- **Description of the task**:
If a record holds a picture, leave the picture out; return everything else exactly.

--- Supplied entries Enclosed Below ---

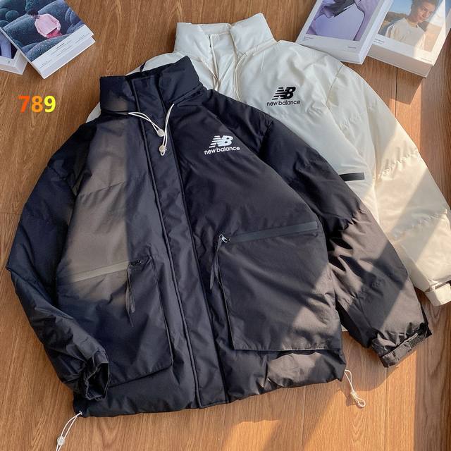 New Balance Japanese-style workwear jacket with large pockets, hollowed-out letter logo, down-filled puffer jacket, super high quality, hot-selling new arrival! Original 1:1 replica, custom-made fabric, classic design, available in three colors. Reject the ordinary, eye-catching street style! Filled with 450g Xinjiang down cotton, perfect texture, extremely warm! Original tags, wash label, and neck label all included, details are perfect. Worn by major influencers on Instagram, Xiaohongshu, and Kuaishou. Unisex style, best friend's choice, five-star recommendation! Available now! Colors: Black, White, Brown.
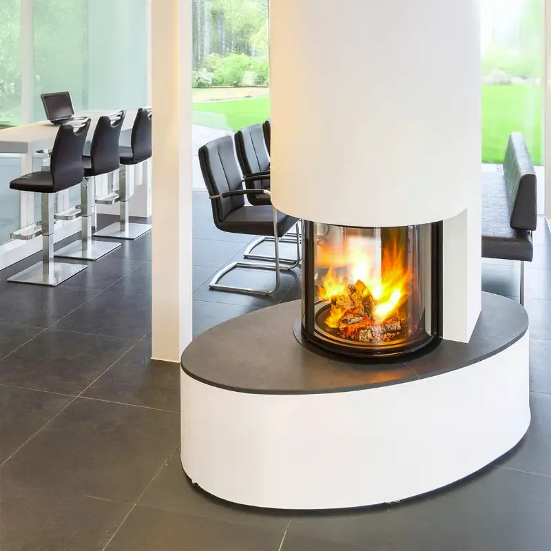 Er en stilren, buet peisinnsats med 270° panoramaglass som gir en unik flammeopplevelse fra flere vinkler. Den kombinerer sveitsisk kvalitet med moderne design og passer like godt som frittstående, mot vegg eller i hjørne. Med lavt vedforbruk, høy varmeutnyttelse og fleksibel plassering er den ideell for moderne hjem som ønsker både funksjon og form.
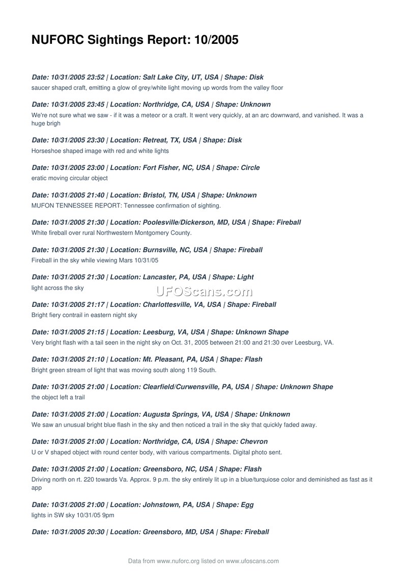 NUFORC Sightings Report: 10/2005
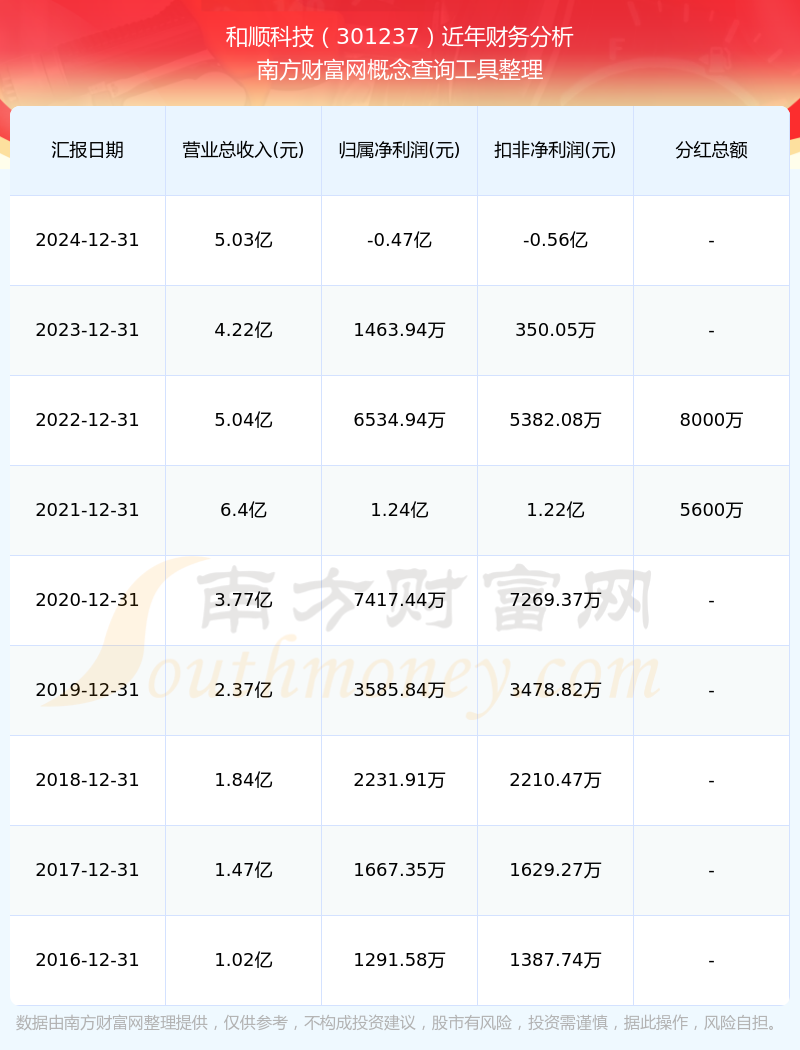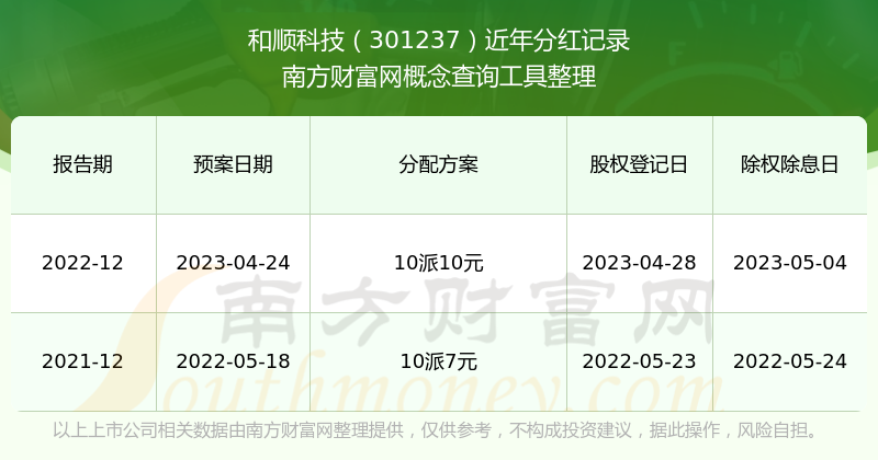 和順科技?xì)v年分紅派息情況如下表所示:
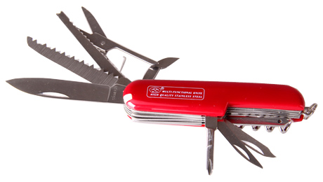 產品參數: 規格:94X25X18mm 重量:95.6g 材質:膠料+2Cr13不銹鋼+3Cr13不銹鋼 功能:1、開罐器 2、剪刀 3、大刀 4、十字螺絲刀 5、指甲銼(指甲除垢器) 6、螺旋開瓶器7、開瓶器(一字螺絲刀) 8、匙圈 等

--- End of Enclosed Supplied entries ---

- **Response to the task**:
 New Balance Japanese-style workwear jacket with large pockets, hollowed-out letter logo, down-filled puffer jacket, super high quality, hot-selling new arrival! Original 1:1 replica, custom-made fabric, classic design, available in three colors. Reject the ordinary, eye-catching street style! Filled with 450g Xinjiang down cotton, perfect texture, extremely warm! Original tags, wash label, and neck label all included, details are perfect. Worn by major influencers on Instagram, Xiaohongshu, and Kuaishou. Unisex style, best friend's choice, five-star recommendation! Available now! Colors: Black, White, Brown.
 Er en stilren, buet peisinnsats med 270° panoramaglass som gir en unik flammeopplevelse fra flere vinkler. Den kombinerer sveitsisk kvalitet med moderne design og passer like godt som frittstående, mot vegg eller i hjørne. Med lavt vedforbruk, høy varmeutnyttelse og fleksibel plassering er den ideell for moderne hjem som ønsker både funksjon og form.
 NUFORC Sightings Report: 10/2005
 和順科技?xì)v年分紅派息情況如下表所示:
 產品參數: 規格:94X25X18mm 重量:95.6g 材質:膠料+2Cr13不銹鋼+3Cr13不銹鋼 功能:1、開罐器 2、剪刀 3、大刀 4、十字螺絲刀 5、指甲銼(指甲除垢器) 6、螺旋開瓶器7、開瓶器(一字螺絲刀) 8、匙圈 等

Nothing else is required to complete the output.